What Comes Next for the Region and for US Policy
The immediate future is defined by uncertainty on multiple fronts. Iran’s transitional council must manage a country in mourning, under military attack, and facing internal pressure from a population that has staged major protests in recent years but has never experienced the assassination of its Supreme Leader. Whether the population rallies behind the state or fractures along the lines Trump hopes for is an open question that no amount of military force can predetermine.
For the United States, the precedent set by Operation Epic Fury extends well beyond Iran. Every nation currently engaged in negotiations with Washington — from North Korea to Venezuela to China on trade — is now recalibrating what American diplomatic commitments actually mean when the president can endorse regime change on a Tuesday and order strikes two weeks later. The long-term cost of that credibility damage may ultimately outweigh whatever tactical gains the operation achieved.
Conclusion
The fifteen-day timeline from Trump’s February 13 regime-change endorsement to the February 28 joint strikes on Iran is not a story of rapid escalation. It is a story of a military operation that was clearly in planning long before the president tipped his hand at Fort Bragg. The scale of Operation Epic Fury — 200 fighter jets, 500 targets, nine cities, the killing of a head of state and approximately 40 senior leaders — confirms that this was months in preparation, not a reaction to failed diplomacy.

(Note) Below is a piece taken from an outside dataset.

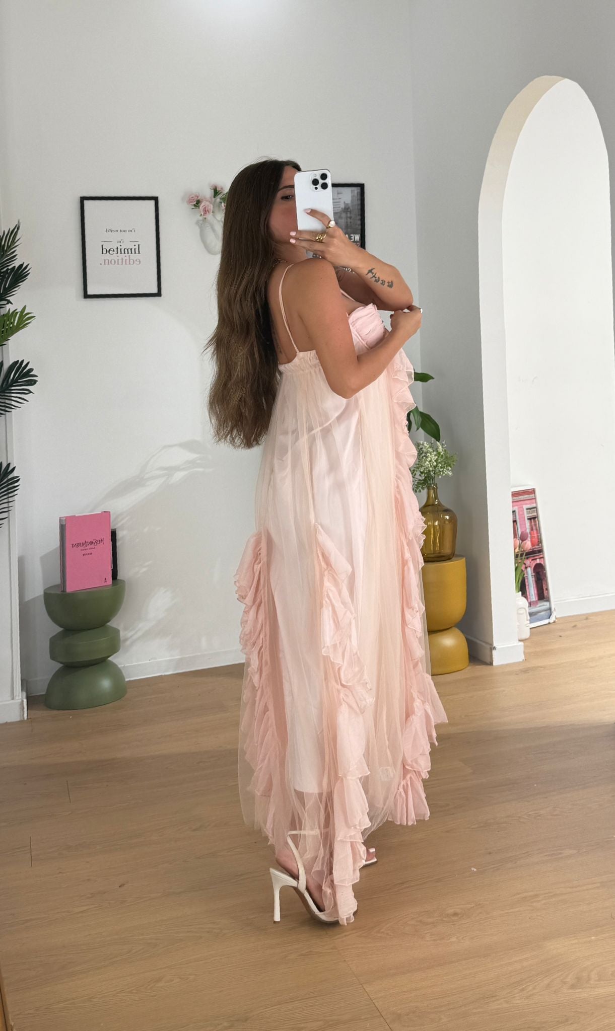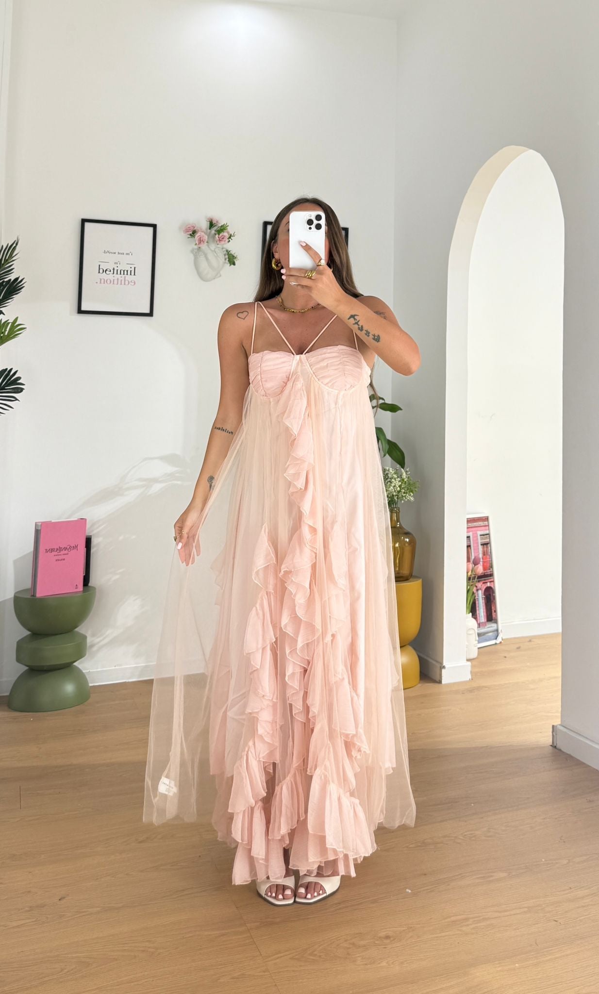 Abito da donna in tuller foderato internamente e con coppe leggermente imbottite, top quality e veste regolarmente la propria taglia e Giusy indossa taglia S

What remains unresolved is whether the operation will achieve what Trump said he wanted. Experts across multiple institutions agree that killing leaders is not regime change. Iran’s government continues to function, its military retains retaliatory capability, and the regional consequences — from missile strikes on US bases in three Gulf countries to the collapse of diplomatic credibility — are still unfolding. The coming weeks will determine whether February 28 was the beginning of a new political order in Iran or the beginning of a prolonged regional conflict with no clear exit strategy.
Frequently Asked Questions
Did Trump explicitly call for regime change in Iran before the strikes?
Yes. On February 13, 2026, at Fort Bragg, North Carolina, Trump told reporters that regime change in Iran “seems like that would be the best thing that could happen.” He declined to specify who he wanted to see take power.
How many days passed between Trump’s statement and the strikes?
Fifteen days. Trump made the regime-change comment on February 13, and Operation Epic Fury launched on February 28 at approximately 1:15 AM Eastern time.
Was Ayatollah Khamenei killed in the strikes?
Yes. An unnamed Israeli official confirmed that Khamenei’s body was recovered and identified by intelligence sources, as reported by NPR and Fox News.
How many people were killed in the strikes?
The Iranian Red Crescent Society reported more than 200 people killed across Iran. The US and Israel claimed to have eliminated approximately 40 senior Iranian leaders specifically. Final casualty figures may change as more information emerges.
Did Iran retaliate?
Yes. Iran launched missiles and drones at Israel and at US military installations in Bahrain, Kuwait, and Qatar.
Were nuclear talks happening at the time of the strikes?
Yes. The US and Iran were engaged in Omani-mediated nuclear discussions in Geneva — their third round — when the strikes occurred.